Preliminary August 2021 traffic figures released by the Association of Asia-Pacific Airlines (AAPA) showed that international air cargo markets remained resilient, propelled by ongoing expansion in e-commerce and demand for intermediate goods. On the other hand, severe weakness in international air travel persisted, as governments maintained strict border control measures amid the escalation in COVID-19 cases across the region.
For the month of August, the 1.4 million international passengers carried by the region’s airlines was just 4 percent of the 34 million registered in August 2019, underscoring the continued absence of a revival in demand, in stark contrast to the summer months prior to the onset of this global health crisis. With available seat capacity averaging 13.7 percent of pre-pandemic levels, the international passenger load factor remained under pressure, averaging just 34.7 percent in August.

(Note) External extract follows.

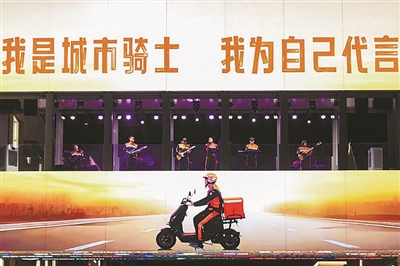 “从‘外卖小哥’到‘城市骑士’,变的不仅是名字,更是身份的被认同。”乐队主唱李瑞丰说。他做了5年多骑手,平时最爱音乐。这一次,他站在西湖地标上唱歌,身后是闪烁的湖光和鼓掌的人群,“很激动,平台真的把我们放在心上了。”

Supply congestion in major exporting ports such as in China increased demand for the transportation of merchandise by air, contributing to the 26 percent year-on-year growth in international air cargo demand as measured in freight tonne kilometres (FTK) in August. Despite the supportive demand conditions, limited bellyhold space resulting from the low number of flights continued to constrain freight capacity, which saw a comparatively slower 17.8 percent year-on-year increase. As a result, the average international freight load factor of 76 percent for the month was close to the historical high achieved in July.
Commenting on the results, Subhas Menon, AAPA director general, said, “International travel markets in Asia have been in stasis, while gradual recovery has resumed in other regions. Meanwhile, air freight demand continues to drive the region’s airline operations. While the spread of the highly contagious Delta variant indicates there is no immediate end in sight to the global pandemic, the acceleration in domestic vaccination roll-outs in a number of Asian economies is a positive step towards the resumption of air travel, as seen in the progressive relaxation of border controls in some countries. Indeed, some governments in the region have begun to pave the way with the recent reopening of selected destinations to domestic and international arrivals.”
“Nevertheless, vaccination inequity remains a major stumbling block to the reopening of borders in the region, especially in places that have little to no access to vaccines. With travel and tourism as key contributors to many of the region’s economies, the lack of progress on this front will continue to impact the many livelihoods that depend on these sectors,” Menon said. “In addition to accelerating access to vaccines, we also call on governments to refrain from unilateral border measures that will only serve to hinder the much needed recovery of air travel and the wider economy. AAPA continues to advocate for an objective risk-based basis for the easing of border restrictions for quarantine-free travel, in line with WHO and ICAO guidelines.”